If you've ever opened an umbrella indoors, walked under a ladder, or gone out on Friday the 13th, superstitious people would say that you've tempted bad luck. Superstitions go back to ancient times, and they are a way of explaining the forces of Nature, or Fate. They're based on magic, religion, and folklore, and sometimes they actually work. If you believe something may happen, it's more likely that it will.
Superstitions can be powerful, because to a certain extent our lives are governed by our thoughts. Subconsciously, you can make your hopes and fears come true.

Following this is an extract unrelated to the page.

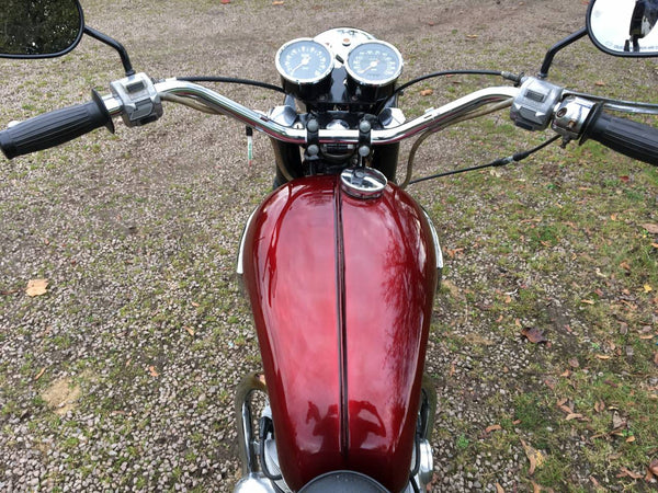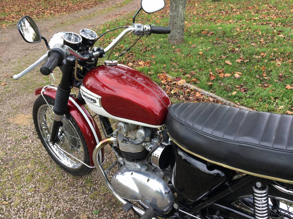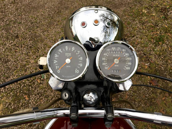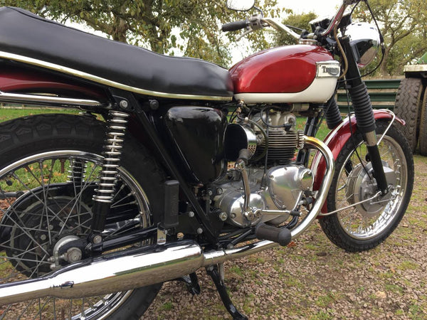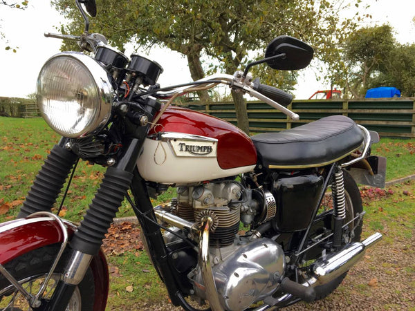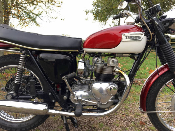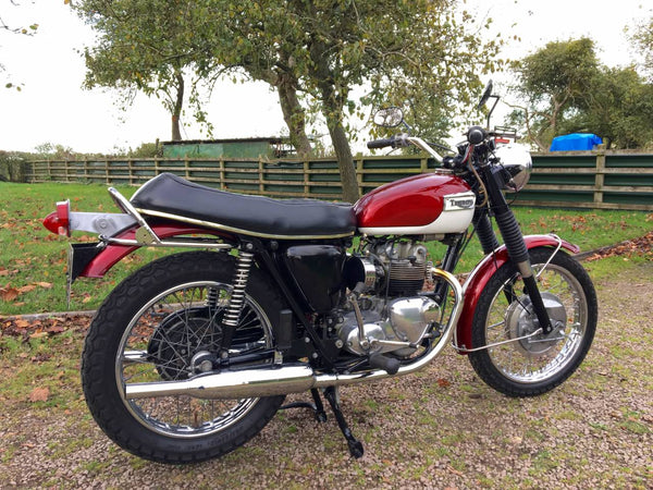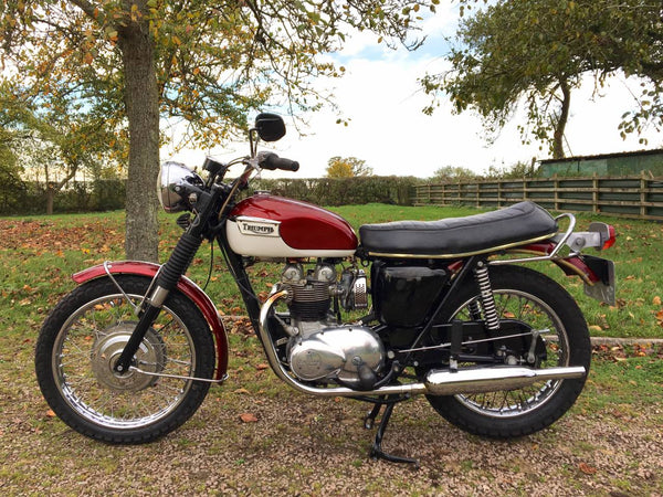 Triumph Daytona 1971 T100R 500cc . This Is An Original Matching Numbers Example, With Dunlop Rims And As A Late Model , Has The Twin Clocks And Very Effective TLS Front Brake . Starts First Kick , With A Sweet Running Engine And Rides Very Well Too . Known As The Baby Bonniville , As Lighter In Weight , 337lbs And 43hp And 105 mph ! Easier To Handle Than The Bonniville Too . The Same Year 650 Bonniville Weighs 400 lbs And Has 3 HP More ! Looks Lovely , In Its Burgundy And White Colour Scheme . Good Fun And A Great Investment.

The Charm Bracelet has been popular since the time of the Ancient Greeks. They wore gold and silver charms of all sorts hanging from chains around their wrists, just as we do today. The word "charm" comes from the Latin word "carmen". This was a song or incantation that people chanted over an amulet or talisman to give it power and to make it "charmed". The charms on a charm bracelet are said to protect the wearer from harm, and bring them good fortune. Some people say that a charm that is given to you by someone else is luckier than one you buy for yourself. Apparently the goodwill in the gift gives the charm extra power.
For thousands of years, people in all parts of the world have worn charms called Amulets to protect the wearer against evil spirits. These included garlic to protect against vampires, posies of flowers to protect against the plague, and bells in a baby's crib to protect against evil spirits. The Ancient Egyptian sailors wore the symbol of a fish as amulet, made from lapis lazuli or turquoise, to protect them against drowning. The image of an open hand was used as an ancient amulet against the Evil Eye. Amulets of all kinds are still used today.
Whereas Amulets protect you from bad luck, charms called Talismans bring you good fortune. A rabbit's foot was said to bring you good luck because of it's contact with the Earth's energy. Sapphires and moonstones are believed to be powerful bringers of luck because of their ability to store and reflect light. The swastika, which means "good fortune" in Sanskrit, was a talisman in many Eastern cultures. It is now regarded as sinister since Nazi Germany adopted it as a symbol during World War II.
These are events or sightings which are seen as predictions, either happy or otherwise. To many Native Americans, a black crow's feather is a symbol of death. In Christian countries, the shiny black plumage of the raven is a bad omen, as black is traditionally linked with satan and sin. The number 13 is regarded as an unlucky omen too. This is based on the fact that there were 13 people present at Jesus' Last Supper. In different parts of the world the same omen can have the opposite meaning.
For example, in some countries a black cat crossing your path is a lucky omen and in others it's unlucky.
The power of the Evil Eye is one of the most widespread and ancient fears. It appears to be based on people's mistrust of those with an unusual appearance. In countries where most people were brown-eyed, blue-eyed people were seen as a threat. In countries where most people were blue-eyed, dark eyes were feared. Today many people in the Mediterranean and Middle East still wear charms in the form of eyes to protect themselves from the harm of the Evil Eye. In Ancient Egypt the "Eye of Horus" was an amulet worn to outstare anyone who might have the "Evil Eye". Horus was the sky god. His left eye, or "wad jet" eye symbolized the power of light, and his right eye was his "solar" eye.